Magazine article Editor & Publisher

Importance of Public Records Should Not Be Overlooked

Article excerpt

WHEN AN APARTMENT building burned to the ground, killing 10 people near downtown Los Angeles last May, the local media covered the story extensively.

One television station abandoned all other news coverage in order to bring viewers live reporting of the unfolding tragedy. The stories generated by the fire were dramatic and well-written but it was not until the next day that one newspaper really took the reporting lead.

While other media moved on to the next local disaster, Los Angeles Times editor Tim Reiterman dispatched reporter Claire Spiegel to sift, in a figurative sense, through the ashes. Spiegel, one of the paper's best investigative reporters, was told to follow any paper trail that could help readers better understand the tragedy.

At the city's Building and Safety Department, she reviewed inspection reports that detailed the building's numerous code violations over a period of years.

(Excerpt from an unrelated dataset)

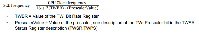 - Bit Rate Generator Unit : 마스터 모드에서 작동할 때 SCL 주기를 제어하며, TWI비트 전송 속도 레지스터(TWBR)의 설정과 TWI 상태 레지스터(TWSR)의 프리스케일러 비트에 의해 제어됩니다. 슬레이브의 CPU클록 주파수는 SCL주파수보다 16배 높아야합니다 따라서 다음 사진의 식을 사용해서 SCL주파수를 결정합니다.
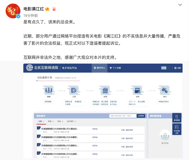 28日,在连续发文回应网传指控后,电影《满江红》官方微博又晒出电子诉讼平台截图,表示“近期,部分用户通过网络平台捏造有关电影《满江红》的不实信息并大量传播,严重危害了影片的合法权益,现正式对以下造谣者提起诉讼。”

At the fire department, going on leads the fire chief had given at a press conference, she discovered that in the wake of two recent fires and a longstanding pattern of serious fire code violations, the building's owner had been ordered to put into place a 24-hour fire watch until corrections were made.

The owner did not comply and the department failed to enforce its order.

With good reporting, a solid knowledge of public records and encouragement from her editor, Spiegel was able to inform readers that the apartment fire was more than just another big-city tragedy.

"We were able to put a single occurrence into a much broader context," Spiegel observed.

Public records have long provided the underpinnings for some of the country's best investigative reporting. They are often ignored, however, by reporters covering the bread-and-butter daily stories.

As the Times example demonstrates, it often takes an editor overseeing reporters' efforts to ensure that important stones are not left unturned in the search for full and accurate stories.

"Editors need to encourage reporters to take that extra step," Reiterman pointed out. "Often it's just asking the question of whether we've looked at this or that document."

Editors and reporters are often overwhelmed by the sheer volume of public records available. Each story has its own particular paper trail, which can include everything from OSHA reports to workers' compensation evaluations to corporation records. …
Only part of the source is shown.